Essas mobilizações têm um poder de interferência na organização da vida social
em escala global, ou seja, um poder de abrangência jamais possível às ações
congêneres passadas. Esse ativismo é marcado por inúmeras temáticas, e diversos
campos de ações.
De fato, as ações propostas e realizadas pelas organizações da sociedade civil
têm ao mesmo tempo o viés da solidariedade próxima a tradicional filantropia e o
caráter contemporâneo de possibilidade de organização da vida social de forma
espontânea na qual a interação entre as partes pode ser tanto virtual como real.

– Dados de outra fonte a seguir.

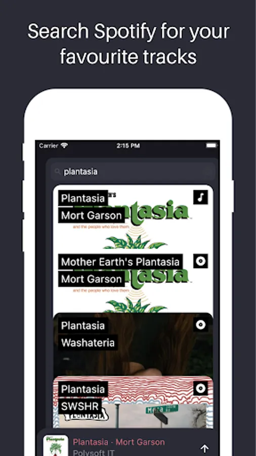 • Use the integrated Spotify search to find your favourite tracks/albums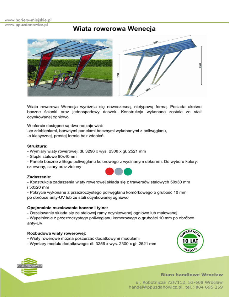Wiata rowerowa Wenecja Wiata rowerowa Wenecja wyróżnia się nowoczesną, nietypową formą. Posiada ukośne boczne ścianki oraz jednospadowy daszek. Konstrukcja wykonana została ze stali ocynkowanej ogniowo. W ofercie dostępne są dwa rodzaje wiat: -ze zdobieniami, barwnymi panelami bocznymi wykonanymi z poliwęglanu, -o klasycznej, prostej formie bez zdobień. Struktura: - Wymiary wiaty rowerowej: dł. 3296 x wys. 2300 x gł. 2521 mm - Słupki stalowe 80x40mm - Panele boczne z litego poliwęglanu kolorowego z wycinanym dekorem. Do wyboru kolory: czerwony, szary oraz zielony Zadaszenie: - Konstrukcja zadaszenia wiaty rowerowej składa się z trawersów stalowych 50x30 mm i 50x20 mm - Pokrycie wykonane z przezroczystego poliwęglanu komórkowego o grubość 10 mm po obróbce anty-UV lub ze stali ocynkowanej ogniowo Opcjonalnie oszalowania boczne i tylne: - Oszalowanie składa się ze stalowej ramy ocynkowanej ogniowo lub malowanej - Wypełnienie z przezroczystego poliwęglanu komorowego o grubości 10 mm po obróbce anty-UV Rozbudowa wiaty rowerowej: - Wiaty rowerowe można poszerzać dodatkowymi modułami - Wymiary modułu dodatkowego: dł. 3256 x wys. 2300 x gł. 2521 mm Mocowanie i wykończenie: - Słupki mocowane bezpośrednio do podłoża (fundamenty punktowe) - Stal ocynkowana ogniowo lub malowana na powierzchni ocynkowanej wg palety RAL Nr kat. Produkt Waga (kg) Cena netto* 220 4 688 zł 215 4 896 zł 105 4 291 zł 100 3 994 zł 40 1 946 zł 48 2 016 zł 60 2 114 zł 220 7 948 zł 100 4 838 zł 40 2 282 zł 48 2 282 zł 60 2 450 zł WIATA ROWEROWA WENECJA – OCYNK OGNIOWY 529640 529645 529641 529646 529642 529643 529644 WIATA PODSTAWOWA, ZADASZENIE Z BLACHY STALOWEJ, BEZ KOLOROWEGO DEKORU WIATA PODSTAWOWA, ZADASZENIE Z POLIWĘGLANU KOMOROWEGO, BEZ KOLOROWEGO DEKORU WIATA DODATKOWA, ZADASZENIE Z BLACHY STALOWEJ, BEZ KOLOROWEGO DEKORU WIATA DODATKOWA ZADASZENIE Z POLIWĘGLANU KOMOROWEGO, BEZ KOLOROWEGO DEKORU OSZALOWANIE BOCZNE (PARA), OCYNK OGNIOWY OSZALOWANIE TYLNE DLA WIATY PODSTAWOWEJ, OCYNK OGNIOWY OSZALOWANIE TYLNE DLA WIATY DODATKOWEJ, OCYNK OGNIOWY WIATA ROWEROWA WENECJA – OCYNK OGNIOWY + FARBA (RAL) 529630 529631 529635 529636 529637 WIATA PODSTAWOWA, ZADASZENIE Z POLIWĘGLANU KOMOROWEGO, Z KOLOROWYM DEKOREM WIATA DODATKOWA ZADASZENIE Z POLIWĘGLANU KOMOROWEGO, Z KOLOROWYM DEKOREM OSZALOWANIE BOCZNE (PARA), OCYNK OGNIOWY + FARBA OSZALOWANIE TYLNE DLA WIATY PODSTAWOWEJ, OCYNK OGNIOWY + FARBA OSZALOWANIE TYLNE DLA WIATY DODATKOWEJ, OCYNK OGNIOWY + FARBA *Podane ceny zawierają rabat 20 %. W przypadku większych zamówień udzielamy korzystnych rabatów!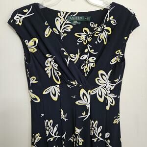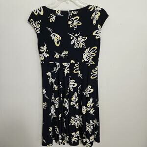 This Lauren Ralph Lauren Black with Yellow and White Whimsical Floral Print Midi Dress in size 4P is a stylish and versatile piece perfect for various occasions such as weddings, parties, workwear, and business events. The sleeveless dress features a flattering v-neckline and a pullover closure, made from a blend of polyester and spandex with a stretchy jersey fabric. The fit and flare style with an empire waist and slimming features makes it both fashionable and comfortable, while the nature-themed floral print adds a touch of whimsy to the classic black color palette. Perfect for the summer, fall, and spring seasons, this dress is a must-have for any woman's wardrobe. Like new condition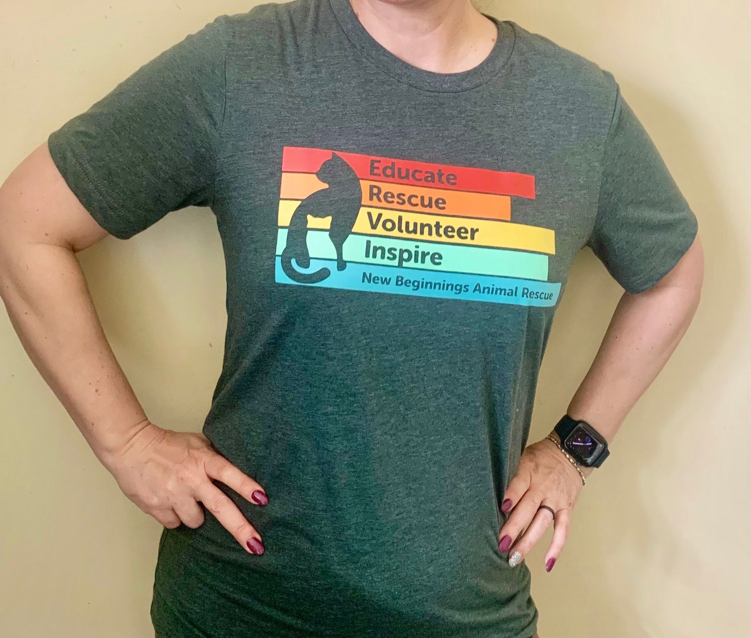 Educate. Rescue. Volunteer. Inspire. Our newest design features a gorgeous 5-colored call to action message on a heathered forest green t-shirt.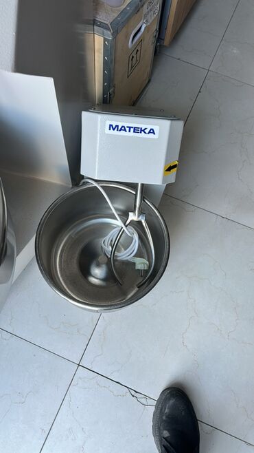 - Xəmir yoğurma aparatı (MATEKA): Paslanmayan polad qarışdırma qabı, spiral tip yoğurma qolu, üst hissədə mühərrik bloku. Elektriklə işləyir, şnur və fiş daxilindədir. Çörəkxana, pizza, şirniyyat və kafe mətbəxlərində xəmirin bərabər yoğrulması üçün uyğundur.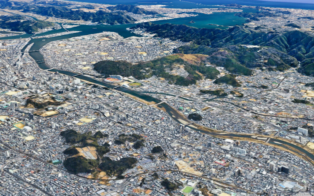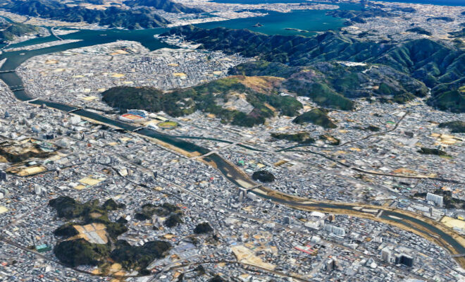 高知市街。写真の右下端に高知パルプの工場があった。廃水は江ノ口川という小河川を伝って中心市街地を流れ下り、上方右手の浦戸湾へと流れ込んだ。写真に写っている大きな川は鏡川=Google Earthより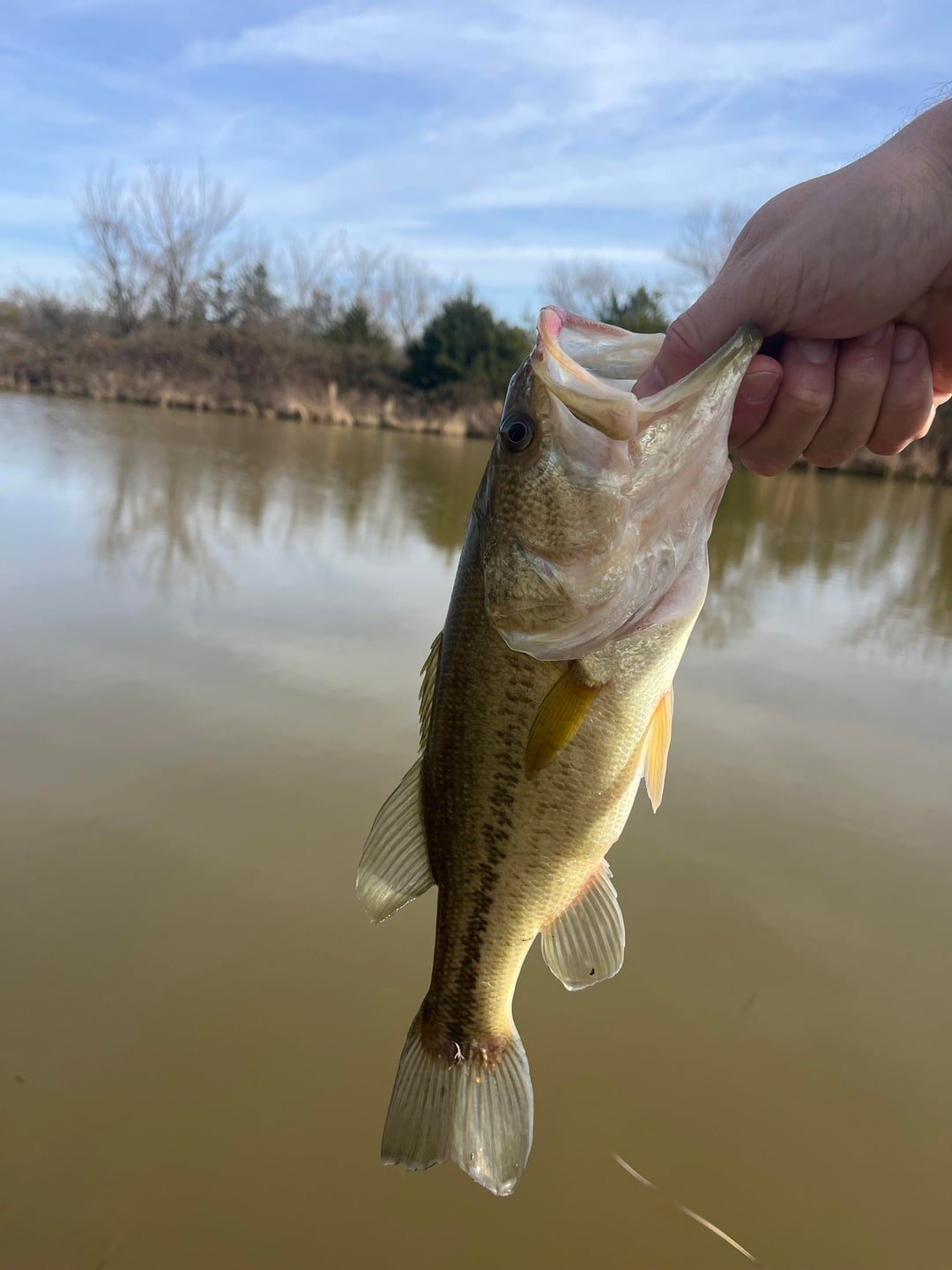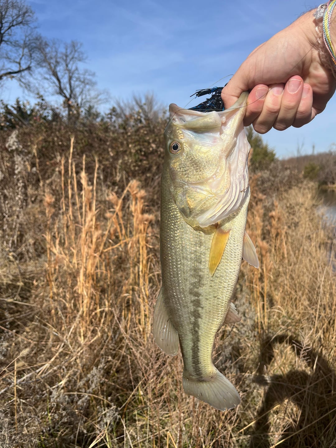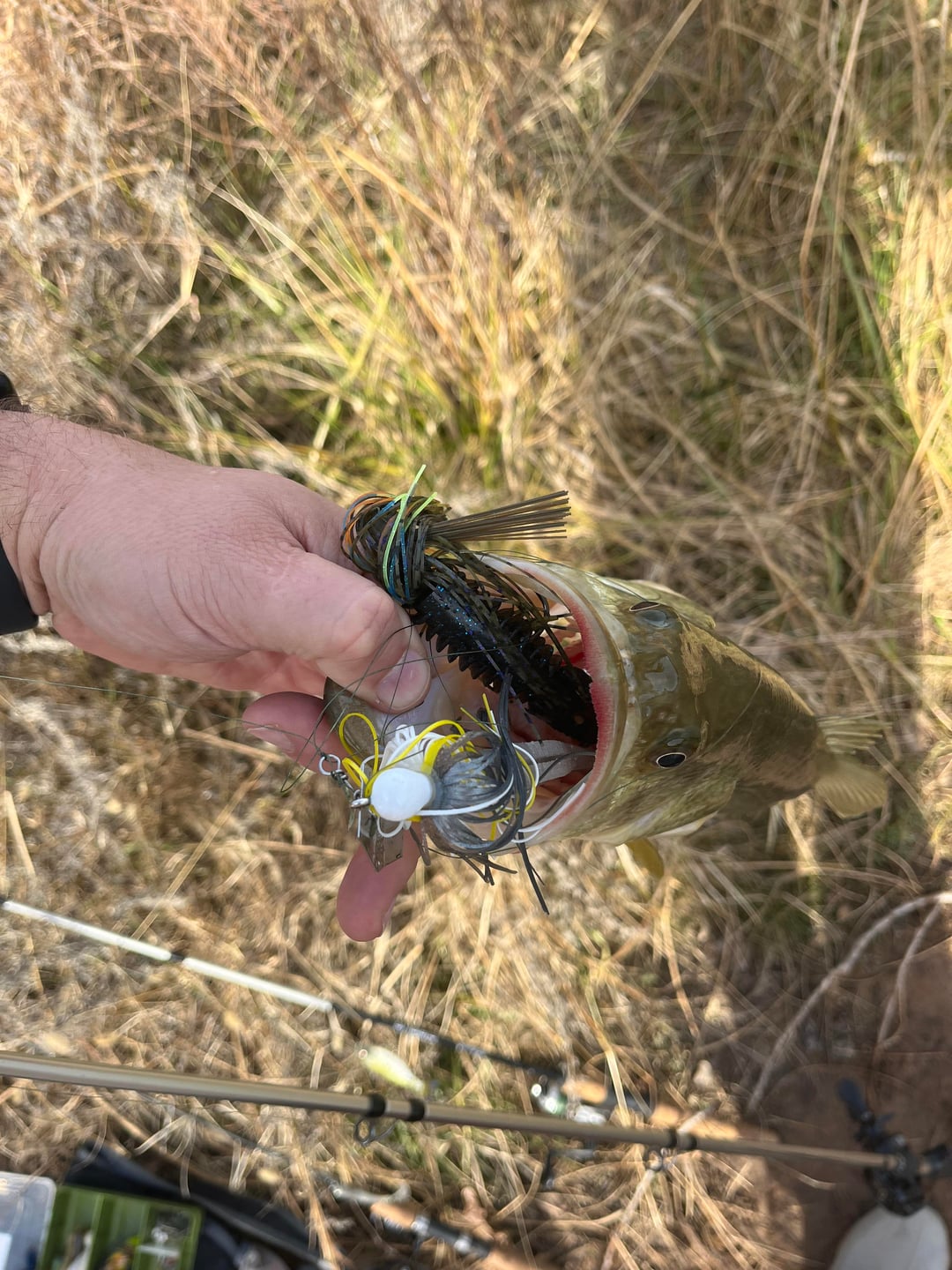 Catch the first one of the day on a black and blue jig. Very next cast line snaps, the jig goes flying!then I tie on a swim jig to drag around, first cast I get a bite, set the hook and the line snaps again. Next I tie on a chatterbait to start dragging around throw it in the exact same spot and get bit again, once I reel him in I see my swim jig still in his mouth, wild sequence of casts. I end up snapping my line for a third time, throwing the chatterbait a little bit later. Overall excited to catch some December fish but I am immediately respooling new line.

Certamente que essas atuações marcam de forma definitiva uma nova relação
entre os indivíduos e sua inserção nas diferentes escalas de poder, pois sua
participação no cotidiano não se restringe a uma adequação as condutas sociais, mas a
promoção e o cuidado com as diferentes gerações, desenvolvendo-se desta forma uma
nova perspectiva de direitos e liberdades.
Por último, podemos ponderar que o ativismo das organizações sociais, de certa
forma, supre uma parte das mazelas sociais, acenando com a redescoberta da
comunidade e o desenvolvimento de valores democráticos, estabelecendo um contrato
social de caráter público e universal.